Question

The two wires shown in figure are made of the same

material which has a breaking stress of $8{\times }^{8}N{M}^{-2}$. The area of cross section of the upper wire is $0.006c{m}^2$ and that of the lower wire is $0.003c{m}^2$. The mass $m_1=10kg,m_2=20kg$ and the hanger is light. (a) Find the maximum load that can be put on the hanger without breaking a wire.

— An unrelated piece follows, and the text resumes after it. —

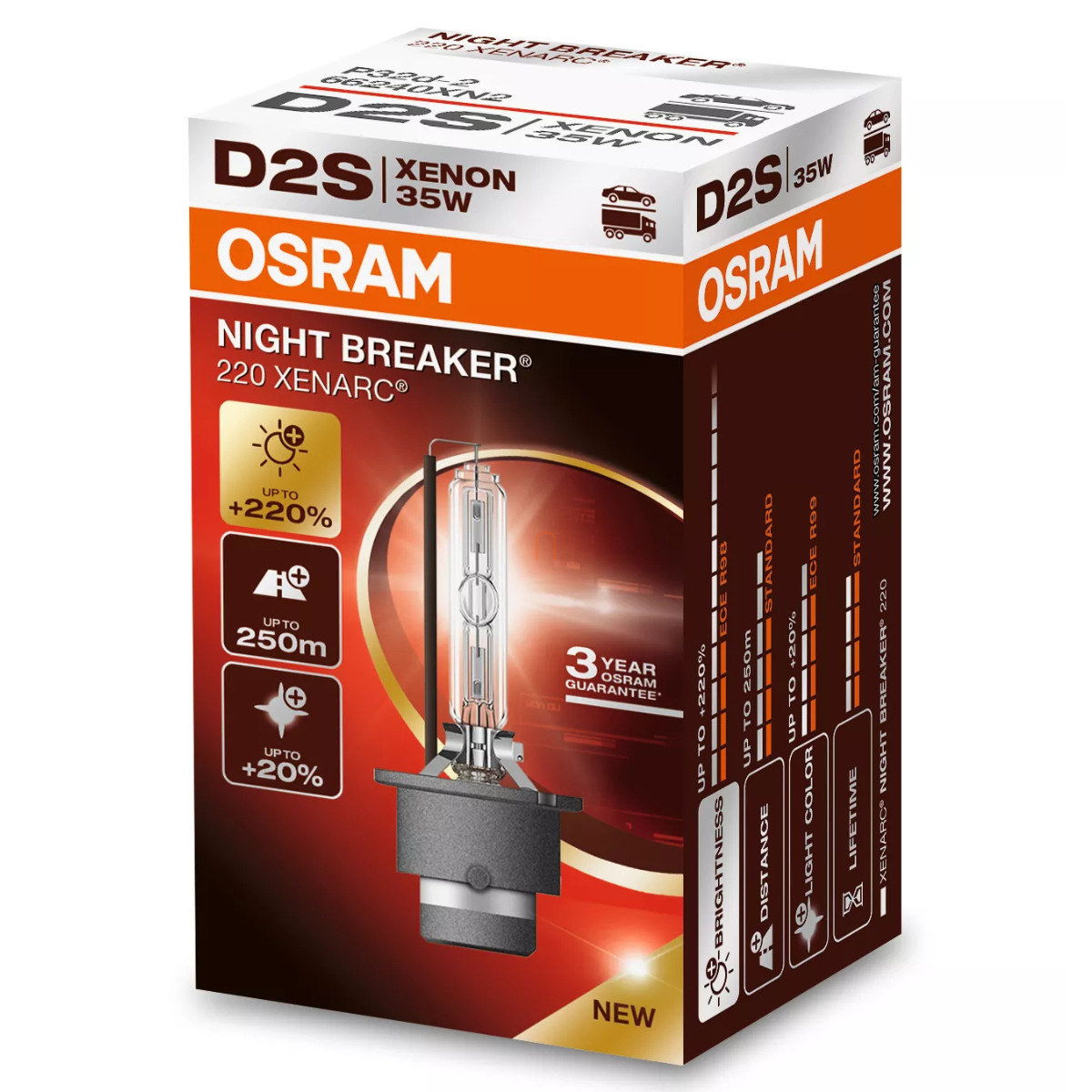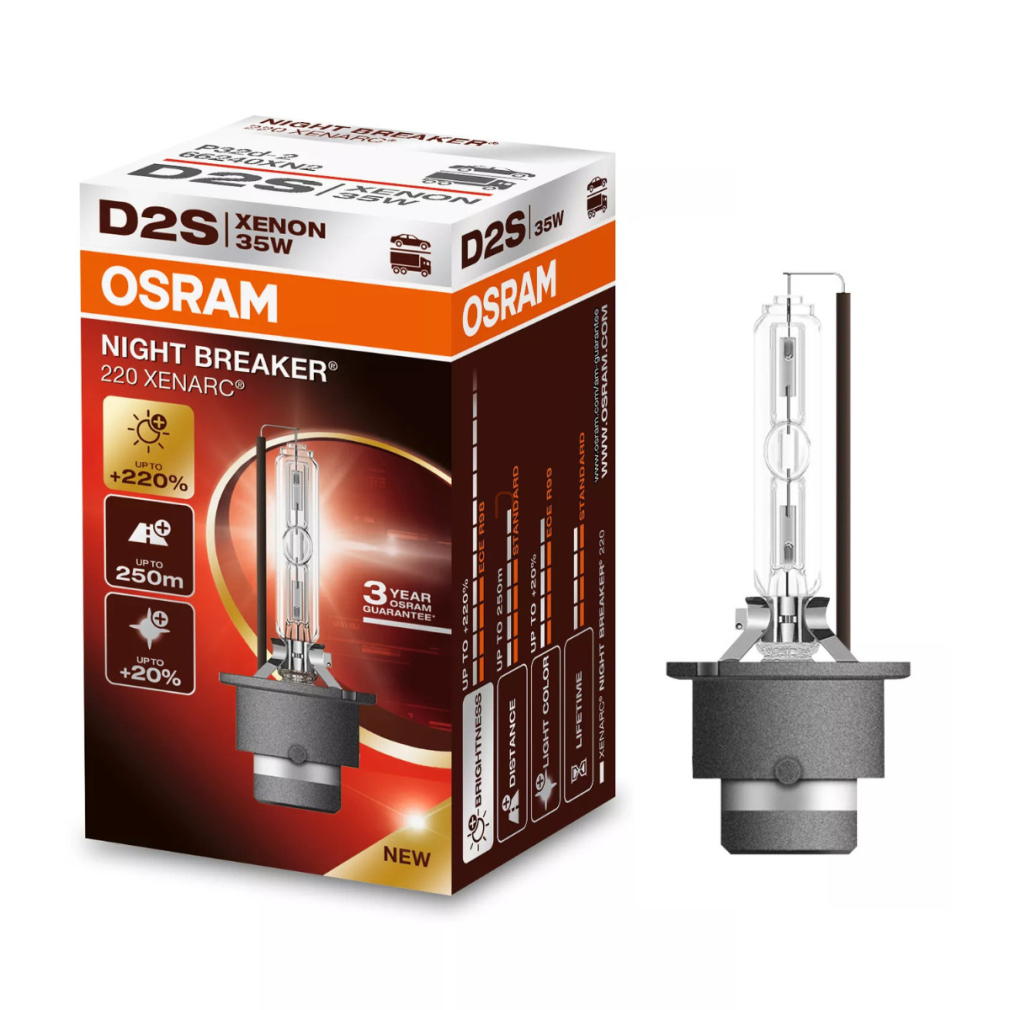 Osram Xenarc Night Breaker 220 D2S xenon fényszórólámpa, 4500 K, akár 220% fényerő, 250 méteres fénykéve, P32d-2 foglalat, 66240XN2
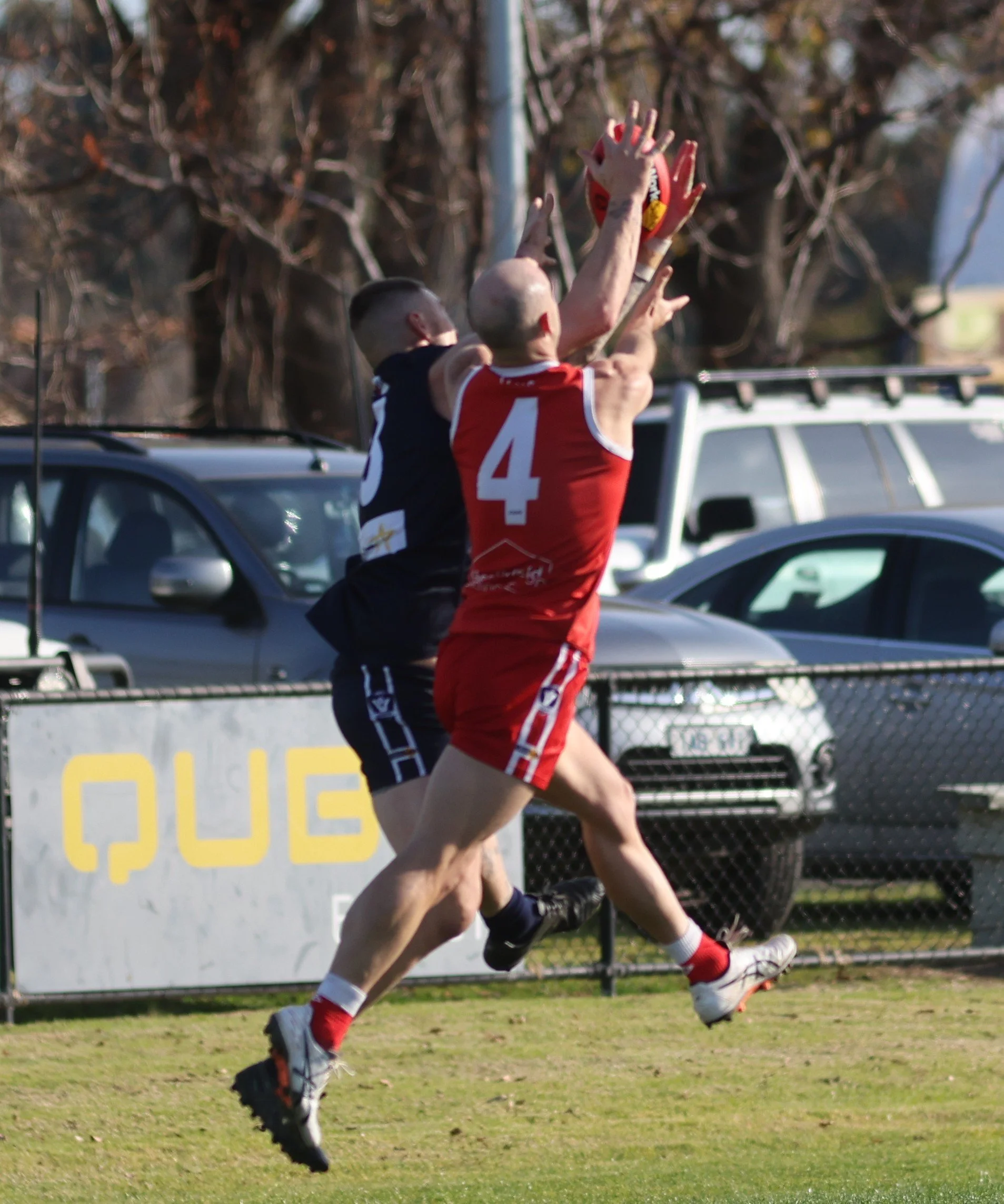 Yarram’s Keifer Sutherlands and his YYN opponent attempt to mark in the Yarram forward line

Which wire will break first if the load is increaed ? (b) Repeat the above part if $m_1=10kg$ and $m_2=36kg.$

Answer 1

(a) Given that :

Stress = $8\times {10}^8\frac{1}{m^2}$

$A_u=0.006c{m}^3$

$A_1=0.003c{m}^2$

$m_1=10kg,m_2=20kg$

Therefore stress in lower rod

= $\frac{T_1}{A_1}=\frac{m_{1}g+wg}{A_1}$

(from free body diagram -2)

$\Rightarrow \frac{m_{1}g+wg}{A_1}=8\times {10}^8$

$\Rightarrow$ w = 14 kg

Stress in upper rod = $\frac{T_2}{A_2}=\frac{m_{2}g+m_{1}g+wg}{A_2}$

For FBD-2

$\Rightarrow \frac{m_{2}g+m_{1}g+wg}{A_2}=8\times {10}^8$

$\Rightarrow$ w = 18 kg

For same stress the maximum load that can be put is 14 kg. If the load is increased the lower wire will break first.

(b) If $m_1=10kg$

and $m_2=36kg$

$\Rightarrow \frac{T_1}{A_1}=\frac{m_{1}g+wg}{A_1}=8times{10}^5$

$\Rightarrow$ w = 14 kg

$\Rightarrow \frac{T_2}{A_2}=\frac{m_{2}g+m_{1}g+wg}{A_2}$

= $8\times {10}^5=2kg$

The maximum load that can be put is 2 kg. Upper wire will break first if load is increased.